As the world slowly reopens, and retail with it – how can retailers continue to capitalise on their investments into digital transformation? The question today is no longer about moving from offline to online but about staying online and establishing online and offline marketing activities that are aligned and relevant.
Quinn Pham, our Director of Consulting & Client Solutions at Meiro started off the webinar with a highlight on some interesting insights and numbers that showcased how brands have been able to migrate to platforms and marketplaces to gain exposure to online audiences. Although this exposure came with several limitations for brands such as a standardised consumer experience that led to price wars, and very limited data-sharing that could be detrimental for growth opportunities.
So while digital platforms may be crucial, brands must also complement their online presence with their owned assets, such as their own D2C (direct-to-consumer) offering. The prime example of Nike which pulled its presence from Amazon to set up its own D2C channel, which now earns the brand more than 1/3rd of its total revenue. This success of Nike showcases the advantages of D2C through websites, mobile apps, and other touchpoints – and being able to reap priceless st party data through those that could be activated to own the customer relationship.
Connecting data points across the customer journey, from intention to research to purchase, into a single view remains paramount to creating a meaningful customer experience. Important steps in this process are to ‘close the loop’ – to understand and communicate with individual consumers, as well as building trust by being aware of data security & privacy to enable a consensual exchange of information.
A Round of Questions
The discussion began with a brief introduction – Pavel Bulowski, the CMO & Co-founder at Meiro acting as moderator and our panel members – Adrian Burton the Senior Vice President Marketing at Valiram, Chye Yien, Senior Strategic Business Consultant at Braze and Jayesh Easwaramony MD/Founder at Spectra Global.
The first question from Pavel to Adrian was how the transition from brick to click has been for retailers who’ve historically relied on traditional marketing channels?
Adrian answered that the atmosphere in SEA still revolved around malls as a destination, but this was very well complemented by an E-commerce strategy through innovative channels such as a ‘chat & shop’ channel that had helped Valiram boost the sales of their brands. This involved using platforms such as Telegram, WhatsApp and using direct conversations to replicate the shopping experience.
The next question was that in the D2C trend, manufacturers suddenly found themselves in a new line of dealing with and delivering to customers directly – why would consumers choose to visit a specific website to purchase a product over an online marketplace?
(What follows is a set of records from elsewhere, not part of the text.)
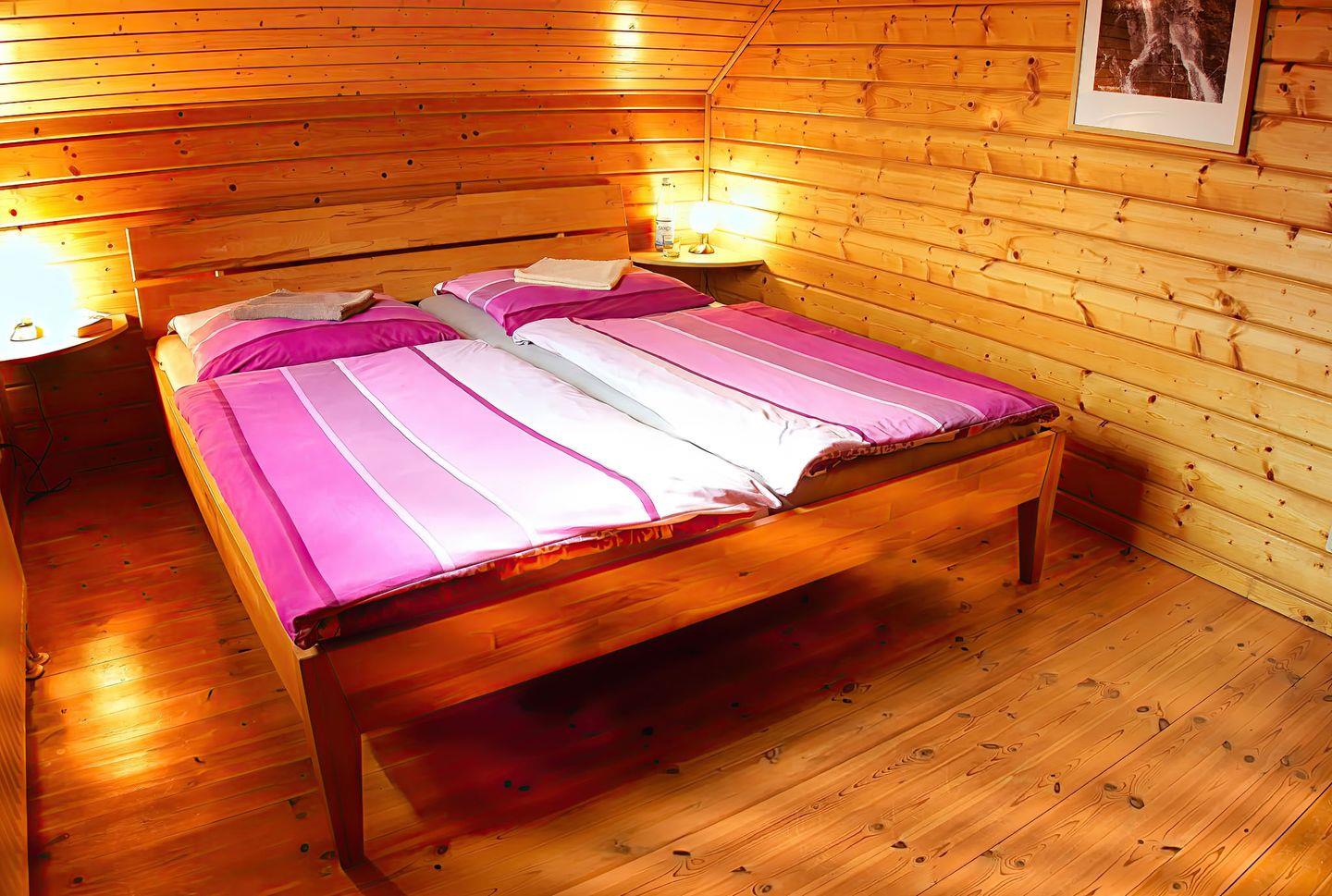 Ferienhaus 52 bietet zwei Schlafzimmer und einen großzügigen Wohnbereich mit Platz für bis zu 4 Personen. Die hellen Naturholzwände und unsere persönlichen Ausstattungen schaffen eine behagliche Wohnatmosphäre. Im Erdgeschoss befinden sich eine zum Wohnraum offene Küche, ein kleiner Abstellraum, ein WC sowie eine teilüberdachte Terrasse mit Mobiliar, welche fast den ganzen Tag Sonne hat. Vom Wohnraum führt eine Treppe ins Obergeschoss mit 2 Doppelzimmern, Dusche und WC.
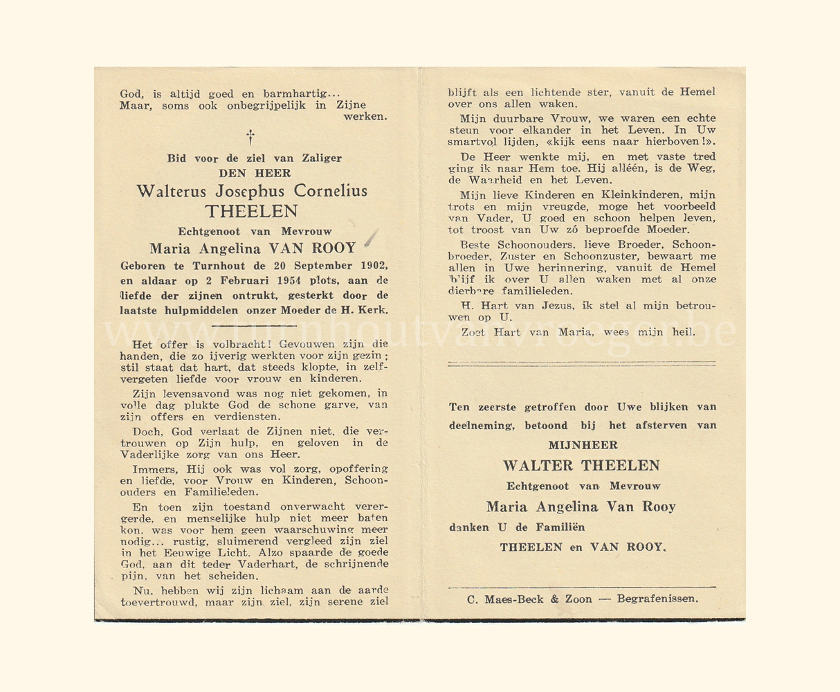Wij willen met deze website niemand kwetsen of beledigen, het is enkel de bedoeling om genealogische informatie weer te geven.  Daarenboven hechten we veel belang aan ieders privacy.  Heeft u bezwaar tegen de vermelding van een bidprentje van één van uw familieleden die de afgelopen 50 jaar overleden zijn, stuur dan een mailtje naar info@smartsitesolutions.be.
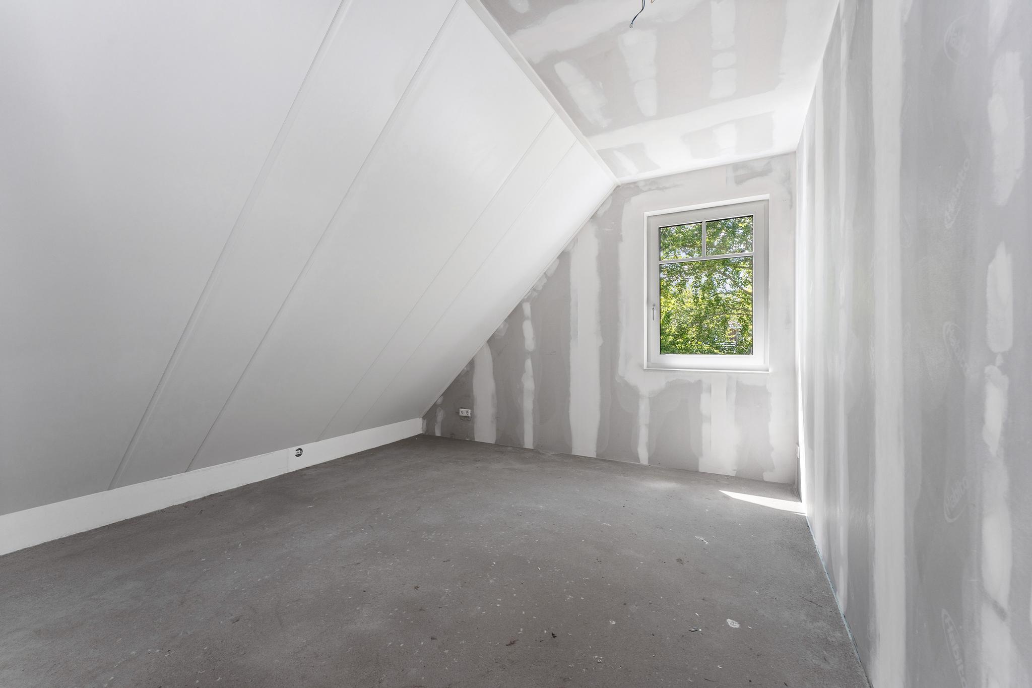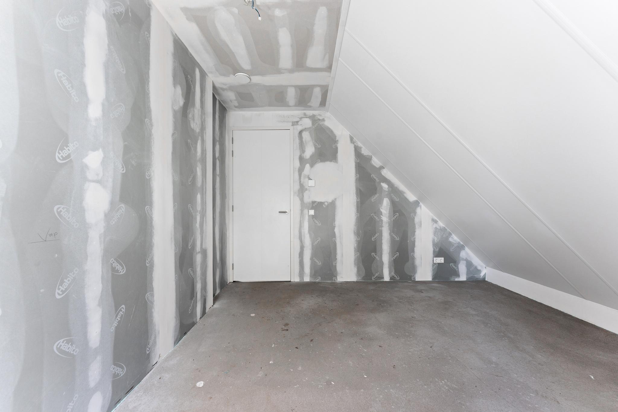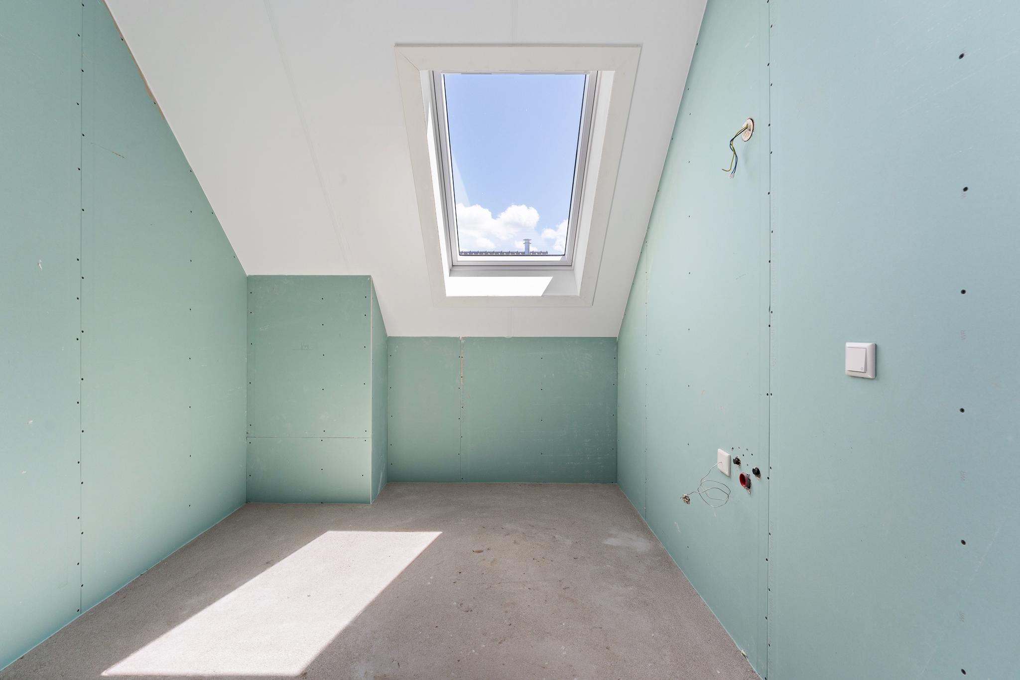Slaapkamer 3: Royale slaapkamer gelegen over de hele breedte van de woning. De slaapkamer heeft een dakkapel, leuke ramen met t-roedeverdeling en echt veel ruimte. Een groot tweepersoonsbed en wat andere meubels plaats je hier met gemak. Achter het luik zit de verdeler van de zonnepanelen netjes weggewerkt.
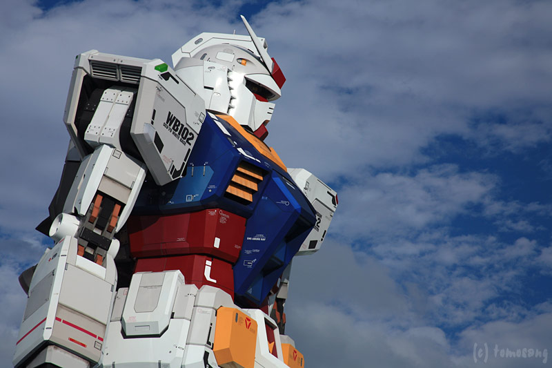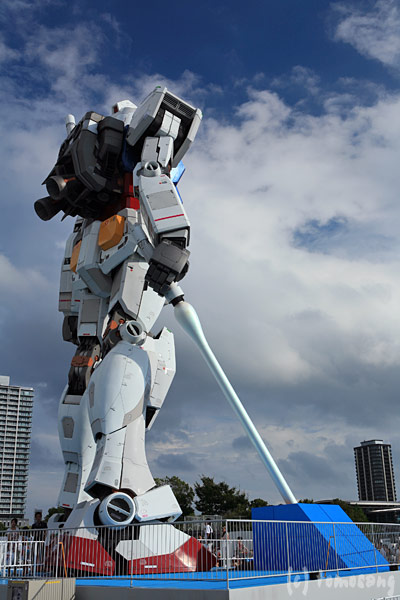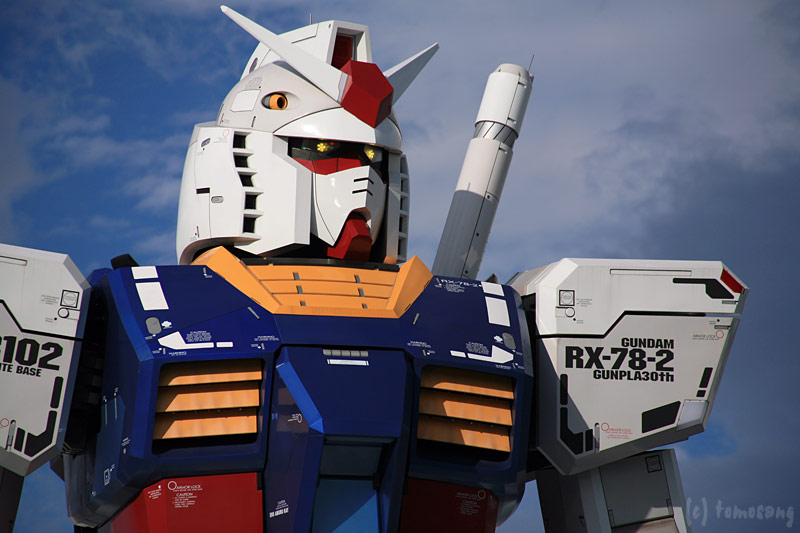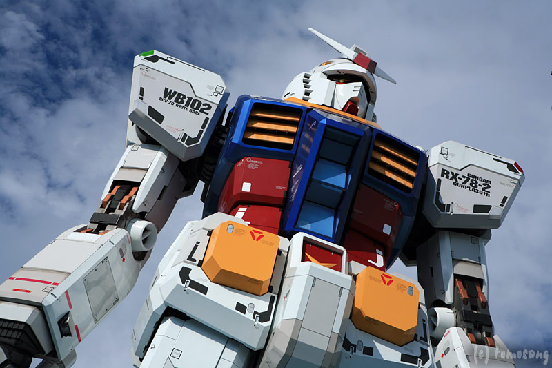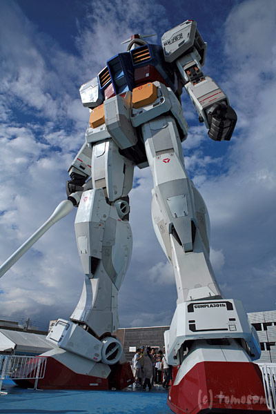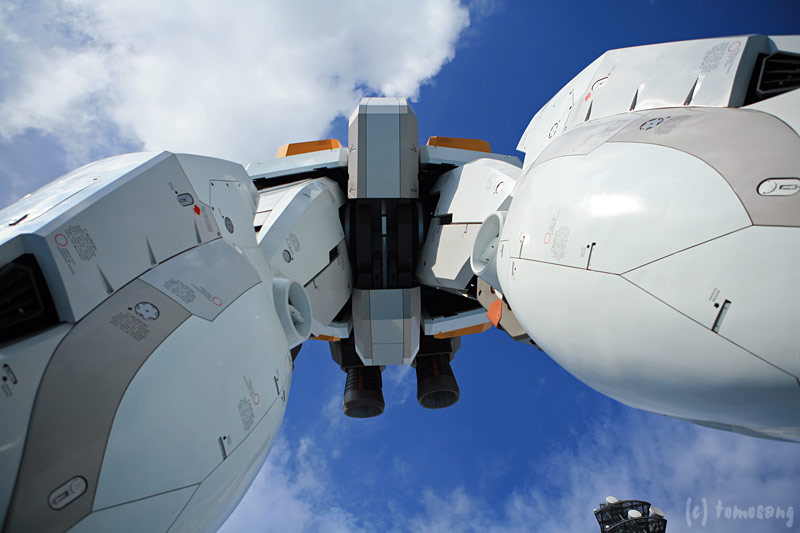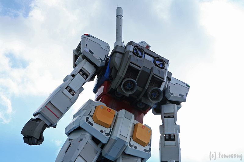 足元まで行って実際にガンダムを触る事が出来ると言う事で、行列に並ぶ。とは言っても一グループ分待っただけで自分達の番に。さて台に上ろうかと思ったら、定時パフォーマンスというものが行われるらしく、足元で暫く待たされる。何があるのかとカメラを動画モードで撮影していたのだが・・・首が左右に動いただけでした。
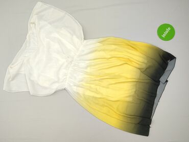 Sukienka damska w kwiaty – rozmiar S - Kolor: intensywnie żółty z niebiesko-białym, drobnym nadrukiem kwiatowym - Fason: kopertowy przód z wiązaniem w talii, krótkie rękawy z lekką falbanką - Dół:...
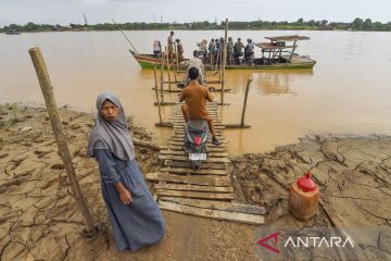 Pengendara sepeda motor dan warga antre untuk menaiki perahu saat akan menyeberangi Sungai Batanghari dari Desa Keranggan menuju Desa Berembang di Sekernan, Muaro Jambi, Jambi, Senin (20/10/2025). Menurut warga setempat sedikitnya 200 warga Sekernan yang berada di tepi Daerah Aliran Sungai (DAS) Batanghari masih menggunakan perahu untuk menyeberangi sungai terpanjang di Sumatera itu setiap harinya dengan tarif umum Rp7 ribu per motor pulang-pergi (PP) dan Rp5 ribu per motor PP untuk pelajar karena tidak adanya jembatan penghubung. ANTARA FOTO/Wahdi Septiawan/tom.

Jayesh answered with advice to brands to build the most relevant channel to reach their consumers directly – to try and ‘fail fast’ and see what worked best for them. Whether this involves leveraging a stronger sense of community or an experiential offer, or even using online niche marketplaces to augment your own data – the crux was in experimenting and finding the correct way to stitch a customer journey together.
Pavel then asked Chye how Braze has been tackling ‘omnichannel’ marketing for their clients, from offline to online?
Chye spoke about approaching omnichannel marketing not just as establishing a ‘presence’ – but in synchronization. While brands may be tempted to look at maintaining communications through multiple channels, the consumer doesn’t segregate the same way. While thinking digital, it’s important to remember it’s still selling to humans. Customers should always be at the forefront – and that’s why brand communications and conversations must always have a personalised feel.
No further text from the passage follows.